• EXERCISE DETAILS:
Take the lines below between the one holding "Ковбой зашел в" and the one holding "ОАЭ аннулировали ВНЖ", inclusive, and copy them exactly. Add nothing.

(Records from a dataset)
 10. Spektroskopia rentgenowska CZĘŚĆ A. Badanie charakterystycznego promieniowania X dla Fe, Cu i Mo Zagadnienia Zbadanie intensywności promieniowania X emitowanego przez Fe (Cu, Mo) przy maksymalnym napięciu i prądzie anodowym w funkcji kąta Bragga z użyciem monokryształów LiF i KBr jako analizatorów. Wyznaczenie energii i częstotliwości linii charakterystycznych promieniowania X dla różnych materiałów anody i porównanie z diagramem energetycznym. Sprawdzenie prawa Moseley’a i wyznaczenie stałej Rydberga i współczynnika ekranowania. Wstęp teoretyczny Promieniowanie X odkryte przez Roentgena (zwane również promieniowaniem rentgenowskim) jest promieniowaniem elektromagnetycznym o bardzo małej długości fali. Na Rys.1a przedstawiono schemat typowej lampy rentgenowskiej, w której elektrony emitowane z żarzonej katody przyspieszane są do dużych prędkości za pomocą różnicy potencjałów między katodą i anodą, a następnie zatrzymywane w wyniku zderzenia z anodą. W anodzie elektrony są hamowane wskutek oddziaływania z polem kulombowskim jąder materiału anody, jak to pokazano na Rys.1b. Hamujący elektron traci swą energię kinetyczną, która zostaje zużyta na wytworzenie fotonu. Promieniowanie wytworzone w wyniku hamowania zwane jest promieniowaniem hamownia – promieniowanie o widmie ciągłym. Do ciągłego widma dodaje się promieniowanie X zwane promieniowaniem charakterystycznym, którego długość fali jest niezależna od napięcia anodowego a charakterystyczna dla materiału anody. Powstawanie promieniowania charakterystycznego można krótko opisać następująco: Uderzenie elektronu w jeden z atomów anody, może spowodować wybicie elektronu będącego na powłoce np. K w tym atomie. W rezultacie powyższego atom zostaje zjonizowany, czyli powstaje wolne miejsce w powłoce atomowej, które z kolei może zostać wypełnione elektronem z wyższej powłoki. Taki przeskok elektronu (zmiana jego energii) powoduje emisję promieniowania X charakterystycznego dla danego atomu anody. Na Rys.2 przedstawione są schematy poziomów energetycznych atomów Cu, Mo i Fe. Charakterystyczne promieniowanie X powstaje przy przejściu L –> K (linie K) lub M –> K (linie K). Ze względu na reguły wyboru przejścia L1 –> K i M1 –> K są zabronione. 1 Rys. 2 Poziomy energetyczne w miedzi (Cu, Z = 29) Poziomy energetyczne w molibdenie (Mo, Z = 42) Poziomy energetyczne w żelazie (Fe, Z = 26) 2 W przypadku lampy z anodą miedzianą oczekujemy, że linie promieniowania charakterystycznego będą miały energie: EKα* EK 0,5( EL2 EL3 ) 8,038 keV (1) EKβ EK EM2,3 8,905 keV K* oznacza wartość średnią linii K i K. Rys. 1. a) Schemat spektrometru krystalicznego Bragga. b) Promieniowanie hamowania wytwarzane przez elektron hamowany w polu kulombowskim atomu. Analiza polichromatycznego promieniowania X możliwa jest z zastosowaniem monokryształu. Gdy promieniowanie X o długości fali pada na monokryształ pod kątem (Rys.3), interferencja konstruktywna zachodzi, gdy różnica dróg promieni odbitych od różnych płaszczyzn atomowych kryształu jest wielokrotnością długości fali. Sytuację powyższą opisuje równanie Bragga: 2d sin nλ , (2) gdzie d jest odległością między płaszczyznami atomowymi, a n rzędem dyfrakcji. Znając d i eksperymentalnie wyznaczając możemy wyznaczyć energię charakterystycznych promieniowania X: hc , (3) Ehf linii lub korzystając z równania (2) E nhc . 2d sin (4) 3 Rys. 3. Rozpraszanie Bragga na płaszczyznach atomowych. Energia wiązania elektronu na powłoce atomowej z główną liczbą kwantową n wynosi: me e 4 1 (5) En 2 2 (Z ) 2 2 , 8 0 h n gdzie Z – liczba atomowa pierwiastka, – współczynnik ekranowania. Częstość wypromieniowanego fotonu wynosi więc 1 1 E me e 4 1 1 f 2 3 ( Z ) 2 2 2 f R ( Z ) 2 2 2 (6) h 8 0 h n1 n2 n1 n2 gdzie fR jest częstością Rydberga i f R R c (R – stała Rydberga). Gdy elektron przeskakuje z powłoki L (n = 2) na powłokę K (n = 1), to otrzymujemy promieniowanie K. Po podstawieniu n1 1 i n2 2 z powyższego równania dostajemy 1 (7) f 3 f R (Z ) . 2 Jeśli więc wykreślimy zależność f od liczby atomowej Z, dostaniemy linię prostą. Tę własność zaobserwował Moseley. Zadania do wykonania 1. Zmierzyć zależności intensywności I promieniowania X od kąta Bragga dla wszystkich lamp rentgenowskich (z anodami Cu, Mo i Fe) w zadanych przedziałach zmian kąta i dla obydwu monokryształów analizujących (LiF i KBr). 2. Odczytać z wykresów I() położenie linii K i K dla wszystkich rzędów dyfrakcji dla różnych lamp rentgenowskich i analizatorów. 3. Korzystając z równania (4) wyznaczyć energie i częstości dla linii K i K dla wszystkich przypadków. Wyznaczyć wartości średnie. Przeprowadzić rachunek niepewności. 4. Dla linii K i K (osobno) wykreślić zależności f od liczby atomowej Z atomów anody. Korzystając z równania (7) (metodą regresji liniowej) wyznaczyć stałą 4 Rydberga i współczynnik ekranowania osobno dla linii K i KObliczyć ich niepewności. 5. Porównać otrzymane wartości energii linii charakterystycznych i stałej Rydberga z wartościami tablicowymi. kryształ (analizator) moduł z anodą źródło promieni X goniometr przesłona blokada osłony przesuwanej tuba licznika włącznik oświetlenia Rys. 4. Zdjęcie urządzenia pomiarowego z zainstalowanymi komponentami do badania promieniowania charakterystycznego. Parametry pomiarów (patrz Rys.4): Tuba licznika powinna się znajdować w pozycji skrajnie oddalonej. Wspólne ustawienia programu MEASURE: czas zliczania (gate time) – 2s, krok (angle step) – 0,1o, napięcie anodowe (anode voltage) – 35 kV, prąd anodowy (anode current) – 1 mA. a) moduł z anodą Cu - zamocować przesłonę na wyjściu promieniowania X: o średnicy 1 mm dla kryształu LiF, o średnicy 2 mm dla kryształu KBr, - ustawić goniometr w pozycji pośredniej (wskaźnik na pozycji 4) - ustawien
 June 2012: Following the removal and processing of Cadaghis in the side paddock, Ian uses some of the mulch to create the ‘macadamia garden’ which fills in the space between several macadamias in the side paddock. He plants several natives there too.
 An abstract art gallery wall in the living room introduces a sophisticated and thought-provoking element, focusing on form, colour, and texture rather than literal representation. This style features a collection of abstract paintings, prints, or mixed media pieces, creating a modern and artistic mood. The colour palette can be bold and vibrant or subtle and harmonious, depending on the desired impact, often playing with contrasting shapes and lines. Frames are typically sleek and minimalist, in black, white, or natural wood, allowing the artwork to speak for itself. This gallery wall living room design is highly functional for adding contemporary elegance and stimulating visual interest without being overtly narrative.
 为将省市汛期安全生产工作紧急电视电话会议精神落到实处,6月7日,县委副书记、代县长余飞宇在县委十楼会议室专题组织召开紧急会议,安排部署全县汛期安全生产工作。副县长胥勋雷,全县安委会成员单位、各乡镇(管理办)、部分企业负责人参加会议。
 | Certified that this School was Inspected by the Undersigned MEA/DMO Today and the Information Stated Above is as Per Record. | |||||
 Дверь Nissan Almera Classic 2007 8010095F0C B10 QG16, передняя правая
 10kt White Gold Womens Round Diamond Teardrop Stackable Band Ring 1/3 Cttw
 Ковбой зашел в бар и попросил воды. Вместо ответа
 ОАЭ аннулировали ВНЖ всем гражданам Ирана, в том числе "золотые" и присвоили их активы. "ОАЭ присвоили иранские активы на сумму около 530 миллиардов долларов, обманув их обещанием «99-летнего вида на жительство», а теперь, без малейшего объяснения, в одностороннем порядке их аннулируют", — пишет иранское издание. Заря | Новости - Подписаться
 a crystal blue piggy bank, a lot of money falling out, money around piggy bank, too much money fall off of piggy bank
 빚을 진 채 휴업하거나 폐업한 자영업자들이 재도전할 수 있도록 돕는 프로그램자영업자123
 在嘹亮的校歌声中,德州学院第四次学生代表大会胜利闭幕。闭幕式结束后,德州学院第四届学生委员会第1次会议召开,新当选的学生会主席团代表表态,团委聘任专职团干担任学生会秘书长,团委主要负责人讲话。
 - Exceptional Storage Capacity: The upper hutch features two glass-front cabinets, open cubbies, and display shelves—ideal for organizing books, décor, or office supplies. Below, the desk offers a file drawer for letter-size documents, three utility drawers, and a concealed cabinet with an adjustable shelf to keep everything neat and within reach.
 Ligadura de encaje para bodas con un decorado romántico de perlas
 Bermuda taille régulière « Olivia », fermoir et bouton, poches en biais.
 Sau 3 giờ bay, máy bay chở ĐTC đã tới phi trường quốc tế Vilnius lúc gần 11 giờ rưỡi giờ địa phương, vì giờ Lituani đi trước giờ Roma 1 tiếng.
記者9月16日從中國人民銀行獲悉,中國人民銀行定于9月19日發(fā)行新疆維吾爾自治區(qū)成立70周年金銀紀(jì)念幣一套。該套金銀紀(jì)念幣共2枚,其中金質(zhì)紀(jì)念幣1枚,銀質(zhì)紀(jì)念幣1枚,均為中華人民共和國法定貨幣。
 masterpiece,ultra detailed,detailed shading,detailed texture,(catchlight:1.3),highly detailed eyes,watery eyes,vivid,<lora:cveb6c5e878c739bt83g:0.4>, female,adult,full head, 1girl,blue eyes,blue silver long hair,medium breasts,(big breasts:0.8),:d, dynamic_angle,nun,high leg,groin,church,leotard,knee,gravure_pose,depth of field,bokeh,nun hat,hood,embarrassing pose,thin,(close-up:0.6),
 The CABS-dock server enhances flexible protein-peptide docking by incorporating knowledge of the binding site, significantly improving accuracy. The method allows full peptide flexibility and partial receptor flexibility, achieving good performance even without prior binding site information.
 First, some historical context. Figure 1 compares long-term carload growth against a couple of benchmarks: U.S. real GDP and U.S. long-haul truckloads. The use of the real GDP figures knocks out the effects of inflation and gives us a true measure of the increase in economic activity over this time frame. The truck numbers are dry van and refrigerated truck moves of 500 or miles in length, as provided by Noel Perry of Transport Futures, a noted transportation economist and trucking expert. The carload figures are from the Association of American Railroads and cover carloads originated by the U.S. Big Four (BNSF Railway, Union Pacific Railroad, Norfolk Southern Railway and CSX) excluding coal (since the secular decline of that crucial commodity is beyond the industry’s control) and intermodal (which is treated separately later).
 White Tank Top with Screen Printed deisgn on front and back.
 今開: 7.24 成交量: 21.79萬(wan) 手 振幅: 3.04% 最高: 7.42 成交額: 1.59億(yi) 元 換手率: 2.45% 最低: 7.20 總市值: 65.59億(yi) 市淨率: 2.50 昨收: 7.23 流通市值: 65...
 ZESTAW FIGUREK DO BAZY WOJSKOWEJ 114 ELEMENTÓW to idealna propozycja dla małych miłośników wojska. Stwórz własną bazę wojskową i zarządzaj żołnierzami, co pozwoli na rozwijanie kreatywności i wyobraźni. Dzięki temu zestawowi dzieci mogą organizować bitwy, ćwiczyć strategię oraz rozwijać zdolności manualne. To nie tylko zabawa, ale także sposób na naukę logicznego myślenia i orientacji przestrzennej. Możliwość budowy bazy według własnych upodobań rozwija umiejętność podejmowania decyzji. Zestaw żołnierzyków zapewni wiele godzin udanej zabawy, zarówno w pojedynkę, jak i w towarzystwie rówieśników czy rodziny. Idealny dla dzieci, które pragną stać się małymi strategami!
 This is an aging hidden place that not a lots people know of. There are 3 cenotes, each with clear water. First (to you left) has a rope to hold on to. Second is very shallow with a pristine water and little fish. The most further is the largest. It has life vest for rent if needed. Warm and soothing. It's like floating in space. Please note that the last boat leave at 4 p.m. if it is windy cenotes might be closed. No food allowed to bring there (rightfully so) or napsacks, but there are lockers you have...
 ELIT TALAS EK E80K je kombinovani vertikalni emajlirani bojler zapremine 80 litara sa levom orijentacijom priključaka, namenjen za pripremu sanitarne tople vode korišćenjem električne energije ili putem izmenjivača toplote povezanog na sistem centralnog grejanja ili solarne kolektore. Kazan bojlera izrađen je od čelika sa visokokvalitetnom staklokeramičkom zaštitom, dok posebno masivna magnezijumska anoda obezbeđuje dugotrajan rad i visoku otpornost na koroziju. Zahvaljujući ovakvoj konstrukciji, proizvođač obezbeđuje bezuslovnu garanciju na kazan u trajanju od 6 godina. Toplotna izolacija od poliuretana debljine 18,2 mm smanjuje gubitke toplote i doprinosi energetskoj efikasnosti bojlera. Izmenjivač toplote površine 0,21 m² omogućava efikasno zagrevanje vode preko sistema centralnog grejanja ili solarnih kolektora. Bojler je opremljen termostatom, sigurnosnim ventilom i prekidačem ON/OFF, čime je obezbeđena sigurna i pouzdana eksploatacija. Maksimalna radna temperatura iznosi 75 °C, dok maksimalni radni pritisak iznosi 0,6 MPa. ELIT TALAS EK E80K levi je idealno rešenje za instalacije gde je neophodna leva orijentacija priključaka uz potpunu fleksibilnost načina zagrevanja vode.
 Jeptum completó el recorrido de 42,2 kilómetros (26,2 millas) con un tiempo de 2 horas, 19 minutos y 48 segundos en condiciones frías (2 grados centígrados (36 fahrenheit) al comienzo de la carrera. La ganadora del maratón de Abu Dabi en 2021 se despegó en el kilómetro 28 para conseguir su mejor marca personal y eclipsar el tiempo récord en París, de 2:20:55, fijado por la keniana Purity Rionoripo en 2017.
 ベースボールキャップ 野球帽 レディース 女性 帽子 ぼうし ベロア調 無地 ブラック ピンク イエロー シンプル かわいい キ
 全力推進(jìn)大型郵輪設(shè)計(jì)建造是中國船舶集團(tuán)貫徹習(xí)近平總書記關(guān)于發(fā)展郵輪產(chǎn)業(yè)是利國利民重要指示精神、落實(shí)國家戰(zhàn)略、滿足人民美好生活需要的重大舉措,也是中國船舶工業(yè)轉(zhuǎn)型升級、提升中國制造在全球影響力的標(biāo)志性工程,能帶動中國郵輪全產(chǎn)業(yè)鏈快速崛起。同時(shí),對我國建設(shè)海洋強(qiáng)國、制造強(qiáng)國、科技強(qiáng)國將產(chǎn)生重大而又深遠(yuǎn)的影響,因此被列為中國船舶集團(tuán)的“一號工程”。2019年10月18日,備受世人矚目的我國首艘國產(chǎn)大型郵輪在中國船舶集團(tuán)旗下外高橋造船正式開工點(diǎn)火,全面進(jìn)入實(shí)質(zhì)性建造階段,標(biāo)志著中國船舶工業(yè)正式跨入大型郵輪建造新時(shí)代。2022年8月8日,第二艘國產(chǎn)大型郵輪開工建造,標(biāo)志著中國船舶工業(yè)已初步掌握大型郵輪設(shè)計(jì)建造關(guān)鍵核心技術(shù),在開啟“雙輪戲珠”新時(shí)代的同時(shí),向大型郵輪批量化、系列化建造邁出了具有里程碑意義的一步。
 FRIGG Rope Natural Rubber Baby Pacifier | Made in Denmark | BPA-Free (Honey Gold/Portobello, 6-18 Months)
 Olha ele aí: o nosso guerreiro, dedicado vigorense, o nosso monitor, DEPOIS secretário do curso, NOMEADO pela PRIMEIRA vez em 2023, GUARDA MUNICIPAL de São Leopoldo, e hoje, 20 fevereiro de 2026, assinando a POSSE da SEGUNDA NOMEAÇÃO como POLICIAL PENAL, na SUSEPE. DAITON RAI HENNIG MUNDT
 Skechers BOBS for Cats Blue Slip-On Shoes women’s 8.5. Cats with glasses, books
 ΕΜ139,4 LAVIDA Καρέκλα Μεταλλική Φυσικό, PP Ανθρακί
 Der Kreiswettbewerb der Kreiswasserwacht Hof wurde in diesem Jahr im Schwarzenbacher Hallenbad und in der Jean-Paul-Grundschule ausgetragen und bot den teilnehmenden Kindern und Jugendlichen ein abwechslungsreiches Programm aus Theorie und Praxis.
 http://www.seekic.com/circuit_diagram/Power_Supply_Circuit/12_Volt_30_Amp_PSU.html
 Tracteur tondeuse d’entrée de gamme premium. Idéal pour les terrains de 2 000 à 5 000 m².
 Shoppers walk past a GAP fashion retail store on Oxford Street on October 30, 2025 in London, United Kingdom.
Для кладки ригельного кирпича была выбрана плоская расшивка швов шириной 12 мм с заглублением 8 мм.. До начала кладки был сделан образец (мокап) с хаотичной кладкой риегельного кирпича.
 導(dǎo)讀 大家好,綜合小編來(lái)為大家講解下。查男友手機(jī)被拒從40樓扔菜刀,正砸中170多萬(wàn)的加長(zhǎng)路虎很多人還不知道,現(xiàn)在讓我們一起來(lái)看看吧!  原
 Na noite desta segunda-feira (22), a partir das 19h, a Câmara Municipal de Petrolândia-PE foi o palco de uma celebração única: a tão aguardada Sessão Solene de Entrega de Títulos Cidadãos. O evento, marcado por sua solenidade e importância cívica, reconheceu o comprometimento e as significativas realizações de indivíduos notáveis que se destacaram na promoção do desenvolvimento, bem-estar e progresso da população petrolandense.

• REPLY TO THE TASK:
 Ковбой зашел в бар и попросил воды. Вместо ответа
 ОАЭ аннулировали ВНЖ всем гражданам Ирана, в том числе "золотые" и присвоили их активы. "ОАЭ присвоили иранские активы на сумму около 530 миллиардов долларов, обманув их обещанием «99-летнего вида на жительство», а теперь, без малейшего объяснения, в одностороннем порядке их аннулируют", — пишет иранское издание. Заря | Новости - Подписаться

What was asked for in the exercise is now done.